Alvin P. Shapiro (December 28, 1920 – November 21, 1998) was an American physician and professor primarily at the University of Pittsburgh School of Medicine. Shapiro was the recipient of a Lasker Award and was known for his research in hypertension, behavioral sciences, and related diseases.

==Career==
Shapiro held intern and residency positions at Long Island College Hospital, Brooklyn, Goldwater Memorial Hospital, New York City, and Kings County Hospital. After training, he was an attending physician at hospitals in Parkland, Virginia, and Pittsburgh as well as the Dallas Presbyterian University Hospital and Shadyside Hospital.

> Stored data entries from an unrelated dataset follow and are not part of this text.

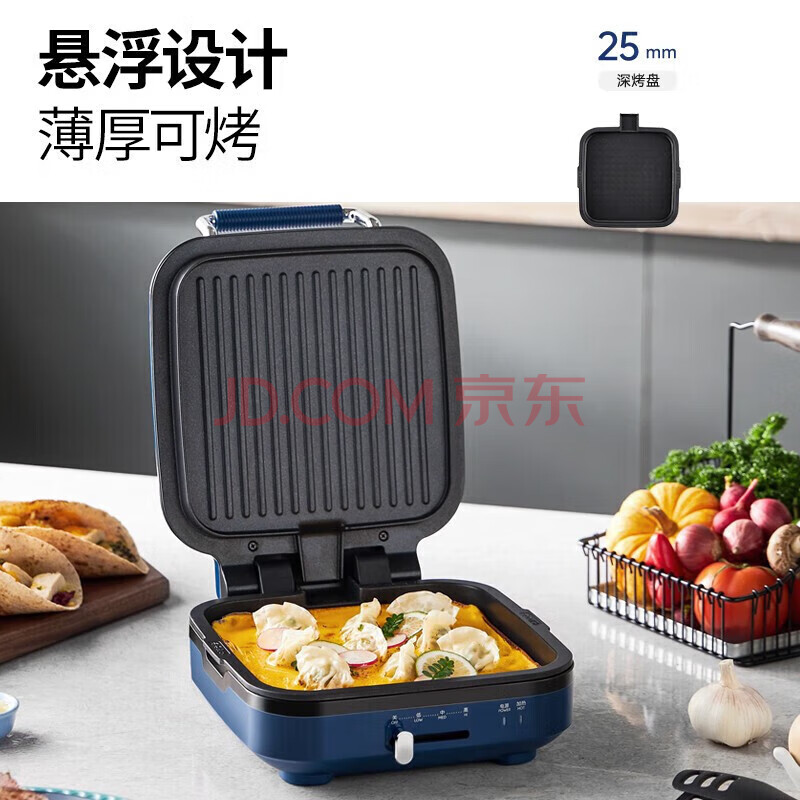 商品相册:摩飞 电饼铛家用早餐机小型多功能煎烤锅轻食面包吐司压烤机华夫饼机 MR8600轻奢蓝第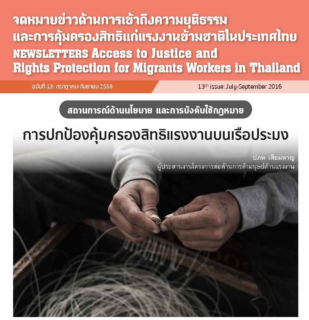 NEWSLETTERS ACCESS TO JUSTICE AND RIGHTS PROTECTION FOR MIGRANTS WORKERS IN THAILAND 13TH ISSSUE: July – September 2016จดหมายข่าวด้านการเข้าถึงความยุติธรรมและการคุ้มครองสิทธิแก่แรงงานข้ามชาติในประเทศไทย ฉบับที่13: กรกฎาคม – กันยายน 2559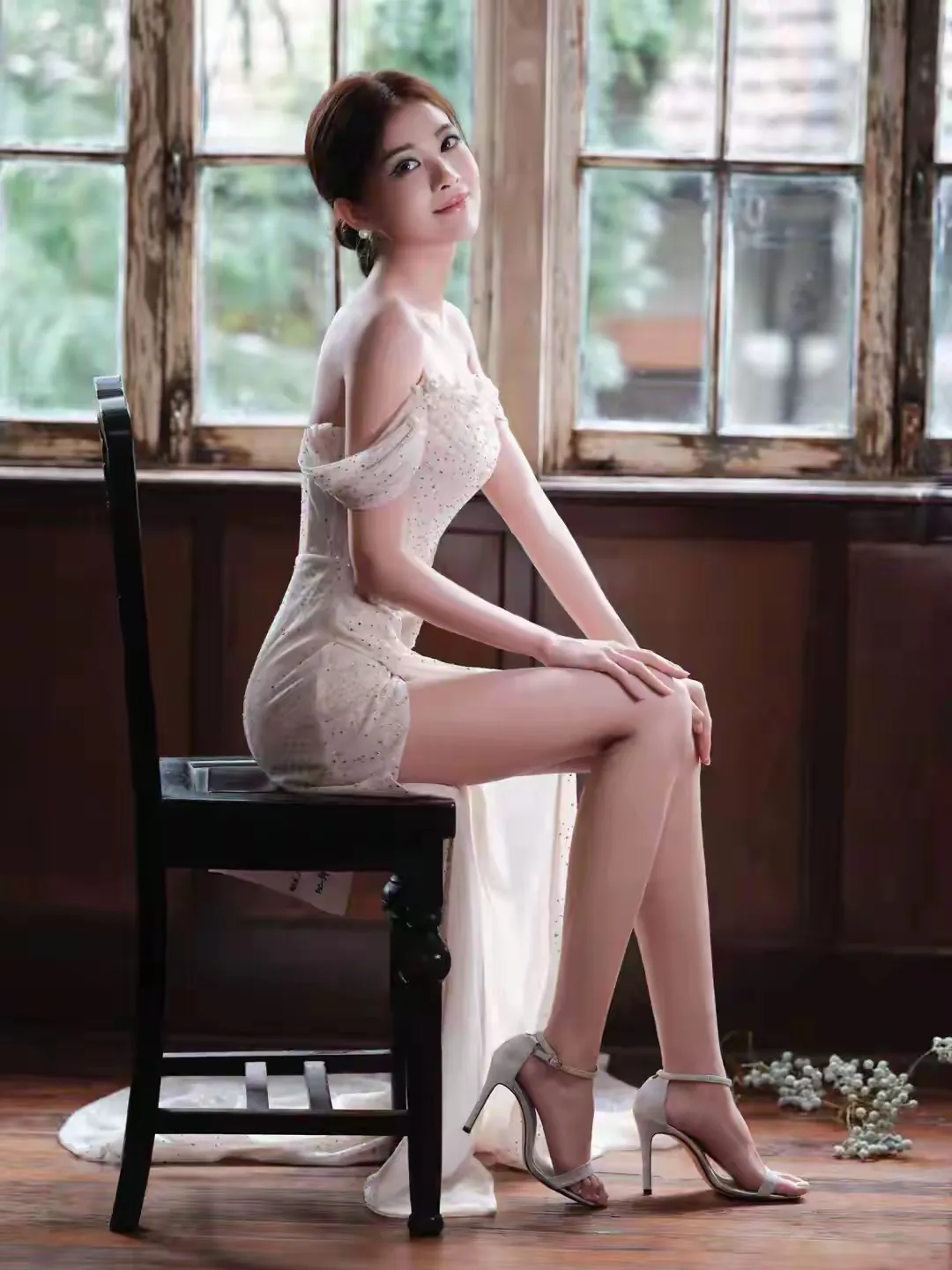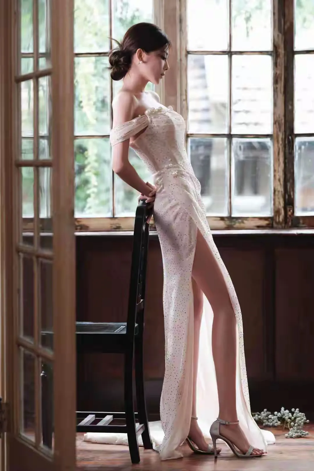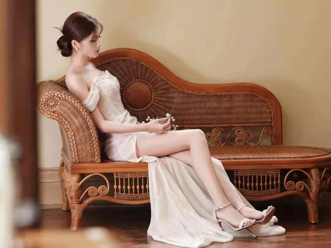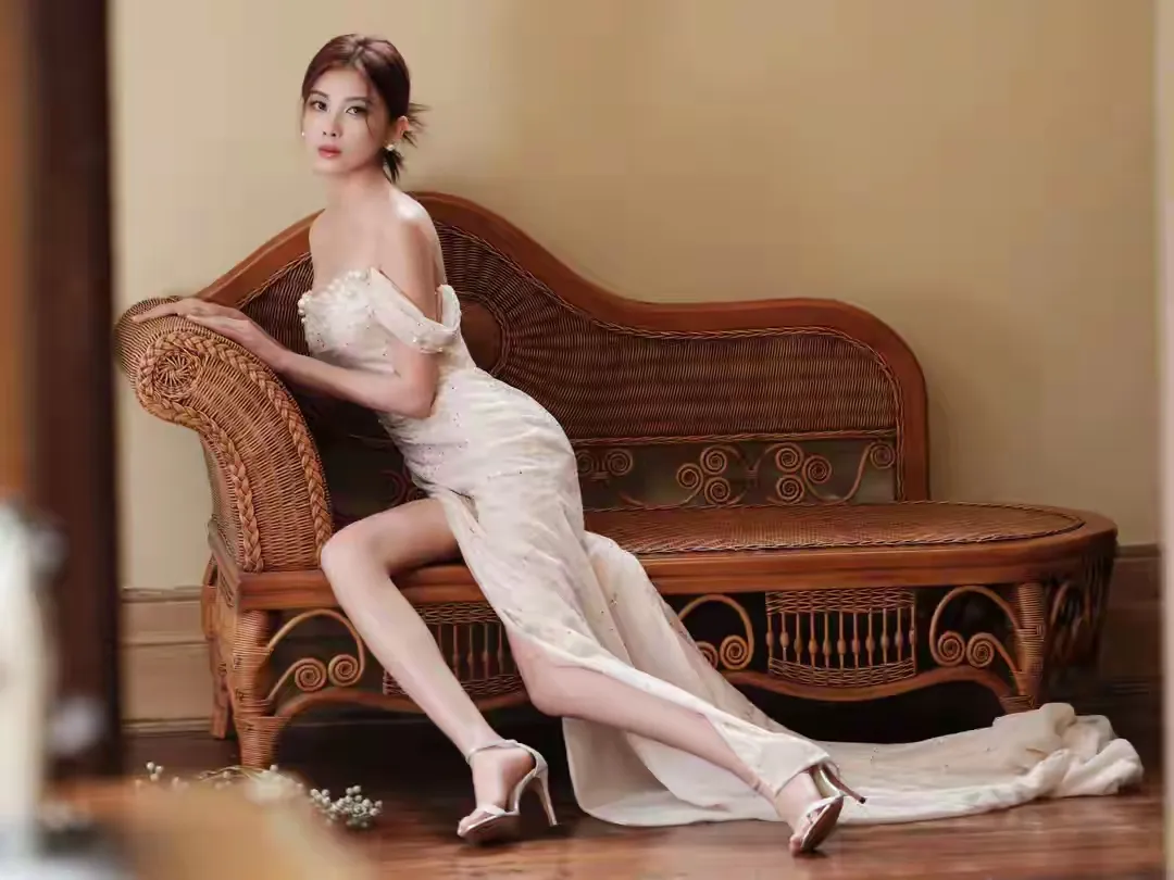 非常精致的白色侧边开衩裙小姐姐,只有自信才能光芒四射

He held academic positions at the Cincinnati College of Medicine from 1949 to 1951 and Southwestern Medical School, Texas, from 1951 to 1956. He was a member of the faculty of the School of Medicine at the University of Pittsburgh from 1956 to 1998, where he was successively assistant professor, associate professor, full professor, and emeritus professor.

Shapiro was a consultant for the American Medical Association Council on Drugs; he was the Medical Letter of Drugs and Therapy in 1960 as well as a Fulbright visiting professor at the University of Utrecht. He chaired special projects such as a National Heart Institute study committee and the National Hypertension Study Policy Advisory Board from 1972 to 1982.

==Publications==
===Books===
Sources:
- Shapiro, A. P., & Waife, S. O. (1959). The clinical evaluation of new drugs. New York.
- Shapiro, A. P., Provoost, A. P., & De, J. W. (1977). Hypertension and brain mechanisms. Progress in Brain Research, v. 47. Amsterdam: Elsevier Scientific Publishing Company.
- Shapiro, A. P., & Baum, A. (1991). Behavioral aspects of cardiovascular disease. Perspectives in behavioral medicine. Hillsdale, N.J: L. Erlbaum Associates.
- Shapiro, A. P. (1996). Hypertension and stress: A unified concept. Mahwah, N.J: Lawrence Erlbaum Associates.

===Journals===
Shapiro was the author of over 155 journal articles in respected medical journals, and associate editor of:
- Psychosomatic Medicine, 1963–92
- Integrative Physiological and Behavioral Sci, 1990

==Awards and recognition==
- Co-recipient Alfred Lasker Special Public Health award, 1980
- Honored Member of Year, Minute Men of University of Pittsburgh, 1995
- Fellow American College of Physicians, American Association for the Advancement of Science (elected fellow 1989)
- member of:
  - American Federation Clinical Research
  - American Psychosomatic Society (president 1975)
  - American Medical Association, American Heart Association (medical advisory board council high blood pressure, council on circulation, council on epidemiology)

The American Psychosomatic Society established the Alvin P. Shapiro Award in 2001.